Trailing Return-Type Declaration
A C++ compiler needs sufficient information about a function to infer its return type. Sometimes this information is in the identifier and sometimes in the parameter list itself. A return-type inference takes the form
auto identifier(parameter-type-list) -> return-type;
The auto keyword identifies the declaration as one with a return type inference. The return-type follows the closing parenthesis and depends on the identifier or the parameter list. This is particularly useful with
- enumerations that have been defined within a class
- templated functions
Enumeration defined within a class
Consider the function get() in the following program. When the compiler starts processing its definition the return type (TicketType) is unknown. TicketType is defined in class scope. Initially, the compiler is unaware that the return type is defined inside the Ticket class. Only after the compiler becomes aware from the identifier Ticket::get() that the function is a member of the Ticket class can accept the return type:
// Trailing Return - Enumeration within a class
// auto_return.cpp
#include <iostream>
class Ticket
{
public:
    enum class TicketType { Adult, Child };
    void set(TicketType tt);
    TicketType get() const;
private:
    TicketType ticketType;
};
std::ostream& operator<<(std::ostream& os, const Ticket::TicketType& tt)
{
    const char* label = nullptr;
    switch(tt)
    {
    case Ticket::TicketType::Adult:
        label = "Adult Ticket";
        break;
    case Ticket::TicketType::Child:
        label = "Child Ticket";
        break;
    default:
        label = "No Ticket";
    }
    os << label;
    return os;
}
void Ticket::set(TicketType tt) { ticketType = tt; }
auto Ticket::get() const -> TicketType { return ticketType; }
int main ()
{
    Ticket a, b;
    a.set(Ticket::TicketType::Adult);
    b.set(Ticket::TicketType::Child);
    std::cout << a.get() << std::endl;
    std::cout << b.get() << std::endl;
}
Adult Ticket
Child Ticket
Without auto and the trailing return-type in the definition of get(), we need to scope the return type (TicketType) by adding the class name; that is, to write:
Ticket::TicketType Ticket::get() const { return ticketType; }
instead of:
TicketType Ticket::get() const { return ticketType; }
In other words, the trailing return type simplifies the syntax for such cases.
Templated Functions
The trailing return type syntax is particularly useful with templated functions. In the following program, the return type of the function add() is unknown to the compiler when it starts processing the definition and is only known after the compiler has finished processing the parameter list (const T& t, const U& u). The return type is the type of the result of evaluating expression t + u. To obtain the type of this result, we use the decltype() specifier:
// decltype with templates
// decltype.cpp
#include <iostream>
template<typename T, typename U>
auto add(const T& t, const U& u) -> decltype(t + u)
{
    return t + u;
}
int main()
{
    int i = 3, j = 6;
    double x = 4.5;
    std::cout << add(i, j) << std::endl;
    std::cout << add(i, x) << std::endl;
}
9
7.5
In the first case the expression evaluates to an int type; in the second case, the expression evaluates to a double. In both cases, the return type is the type returned by operator+(const T&, const U&).
Linkage
A function type can have either external or internal linkage. A function with external linkage is visible outside its translation unit, while a function with internal linkage is invisible outside its translation unit.

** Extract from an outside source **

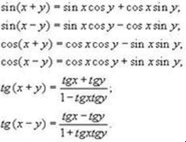 Отвечают на вопрос - Формулы сложения. -Их используют для нахождения значений тригонометрических функций суммы или разности аргументов, для упрощения выражений. Записывают формулы на доске |

The default linkage for a function type in C++ is external. That is, the keyword extern is redundant. The main() function of every application must have external linkage.
To specify internal linkage, we preface the function declaration with the keyword static. For example,
// Function Linkage - Module B
// linkage_b.cpp
#include <iostream>
static void display() // internal linkage
{
    std::cout << "in module b\n";
}
void module_b() // external linkage
{
    display();
}
// Function Linkage - Main Module
// linkage_a.cpp
#include <iostream>
static void display()  // internal linkage
{
    std::cout << "in module a\n";
}
void module_b(); // external linkage
int main() // external linkage
{
    display();
    module_b();
}
in module a
in module b
The different definitions of display() in the two modules do not conflict, since each display() has internal linkage within its own translation unit.
Recursion
A recursive function is a function that calls itself from within its own body. Recursive functions require an exit condition that defines when the recursion terminates. Once it terminates control begins stepping back through the function call stack to the initial caller. The exit condition prevents stack overflow caused by an ever increasing set of recursive calls.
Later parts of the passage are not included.